The Alameda County Reparations Commission told the Board’s ad hoc committee on May 30 that it needs administrative sponsorship, research partnerships and funding to complete a thorough countywide reparations action plan.
Chair Deborah said the commission’s original modest budget—about $51,000 for stipends and meeting space—was insufficient for the two‑year program of listening sessions, city‑level research, policy analysis and legal review commissioners envision. The commission’s early estimate places total needs in the roughly $5,000,000 range over its work period, with individual subcommittees still developing itemized budgets.
"To do the work over the next two years [we] landed in that $5,000,000 range," Chair Deborah said, listing community facilitation, research, policy and legal expertise. The infrastructure subcommittee estimated roughly $1,100,000 for outreach, marketing, digital and in-person engagement, particularly to reach unincorporated parts of the county.

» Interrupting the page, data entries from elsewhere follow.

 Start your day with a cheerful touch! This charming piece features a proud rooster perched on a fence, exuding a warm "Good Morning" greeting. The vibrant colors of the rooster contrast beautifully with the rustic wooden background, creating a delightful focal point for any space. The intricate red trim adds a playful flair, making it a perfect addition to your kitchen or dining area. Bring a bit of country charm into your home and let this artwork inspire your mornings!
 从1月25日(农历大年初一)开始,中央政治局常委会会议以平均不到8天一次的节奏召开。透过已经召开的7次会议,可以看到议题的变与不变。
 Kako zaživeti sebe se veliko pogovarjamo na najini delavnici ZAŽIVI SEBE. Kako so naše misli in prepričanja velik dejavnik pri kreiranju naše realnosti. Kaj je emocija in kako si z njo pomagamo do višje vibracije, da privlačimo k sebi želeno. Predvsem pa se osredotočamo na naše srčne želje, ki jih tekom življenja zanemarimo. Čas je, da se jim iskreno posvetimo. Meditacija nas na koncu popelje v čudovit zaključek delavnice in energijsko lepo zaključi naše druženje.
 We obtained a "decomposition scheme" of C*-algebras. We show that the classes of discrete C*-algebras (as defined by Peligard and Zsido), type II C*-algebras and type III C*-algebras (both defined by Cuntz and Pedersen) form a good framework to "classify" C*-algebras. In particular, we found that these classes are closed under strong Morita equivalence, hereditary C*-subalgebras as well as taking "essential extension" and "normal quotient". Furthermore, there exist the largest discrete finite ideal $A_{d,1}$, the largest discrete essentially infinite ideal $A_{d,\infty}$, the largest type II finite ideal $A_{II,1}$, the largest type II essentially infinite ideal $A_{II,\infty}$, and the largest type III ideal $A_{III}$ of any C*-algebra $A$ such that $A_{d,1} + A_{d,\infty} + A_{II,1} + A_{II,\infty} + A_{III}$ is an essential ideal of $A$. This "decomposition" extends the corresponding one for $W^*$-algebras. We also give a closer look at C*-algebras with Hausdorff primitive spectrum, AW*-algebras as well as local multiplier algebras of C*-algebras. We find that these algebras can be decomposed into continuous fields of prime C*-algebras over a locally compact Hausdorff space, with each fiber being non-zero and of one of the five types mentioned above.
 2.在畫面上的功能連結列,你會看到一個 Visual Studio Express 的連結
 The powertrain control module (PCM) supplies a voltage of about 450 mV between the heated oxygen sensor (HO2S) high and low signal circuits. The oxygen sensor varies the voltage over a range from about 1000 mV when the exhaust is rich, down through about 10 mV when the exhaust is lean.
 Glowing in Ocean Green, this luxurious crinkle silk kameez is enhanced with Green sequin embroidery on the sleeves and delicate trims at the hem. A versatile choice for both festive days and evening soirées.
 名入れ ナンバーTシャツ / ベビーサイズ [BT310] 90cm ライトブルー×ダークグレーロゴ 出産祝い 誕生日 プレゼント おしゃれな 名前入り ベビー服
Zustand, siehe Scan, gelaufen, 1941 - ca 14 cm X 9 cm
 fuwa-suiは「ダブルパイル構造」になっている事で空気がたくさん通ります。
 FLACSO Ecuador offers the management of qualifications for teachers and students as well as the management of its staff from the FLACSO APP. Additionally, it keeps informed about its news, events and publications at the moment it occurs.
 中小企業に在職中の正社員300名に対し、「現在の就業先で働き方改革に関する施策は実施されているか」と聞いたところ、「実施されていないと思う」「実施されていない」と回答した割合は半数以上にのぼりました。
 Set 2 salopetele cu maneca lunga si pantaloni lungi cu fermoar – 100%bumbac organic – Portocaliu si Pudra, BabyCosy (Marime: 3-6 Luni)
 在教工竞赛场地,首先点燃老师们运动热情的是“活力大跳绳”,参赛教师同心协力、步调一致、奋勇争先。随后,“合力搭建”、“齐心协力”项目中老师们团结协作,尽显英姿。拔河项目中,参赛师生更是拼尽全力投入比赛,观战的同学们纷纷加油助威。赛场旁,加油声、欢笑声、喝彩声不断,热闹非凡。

Commissioners requested that a county department sponsor the commission operationally so volunteers can access county staff support and an administrative home. Chair Deborah said the new Office of Diversity, Equity and Inclusion is not yet staffed enough to absorb the commission and recommended an interim sponsor (suggestions included Social Services, Behavioral Health, or the county Human Rights Commission staff). President Miley and other supervisors said the request is reasonable but suggested a formal work session to define what sponsorship would mean and to evaluate county capacity.
The commission also asked the Board to authorize academic partnerships and a tailored MOU. The commission referenced prior approaches—San Francisco’s county program, Hayward’s Russell City work and state task force materials—and suggested soliciting fellows or contracted research support from local universities; the Board asked for a clear scope of work and for draft terms the commission recommends.
Timing and next steps: the committee and commission agreed to a sequence of follow-ups: the commission will finalize subcommittee itemized budgets at its June 12 meeting; an ad hoc committee meeting is expected in early to mid‑July to review those budgets; the Board will hold a July work session (target July 30) to discuss the academic MOU scope and the fiscal-year request; and supervisors targeted September for any formal budget action. The Board noted external grant opportunities (for example, Robert Wood Johnson Foundation) could supplement county funding but any acceptance of outside funds requires Board approval.
What was not decided: the ad hoc committee did not approve any funding at the meeting and requested a rolled‑up, itemized budget before advancing a county budget request.
Quotes: Chair Deborah said, "We quickly realized... facilitation for community listening sessions, research on where disinvestments occurred, and legal expertise will be essential." Supervisor Marquez warned the board will need a clear itemized budget before committing county funds.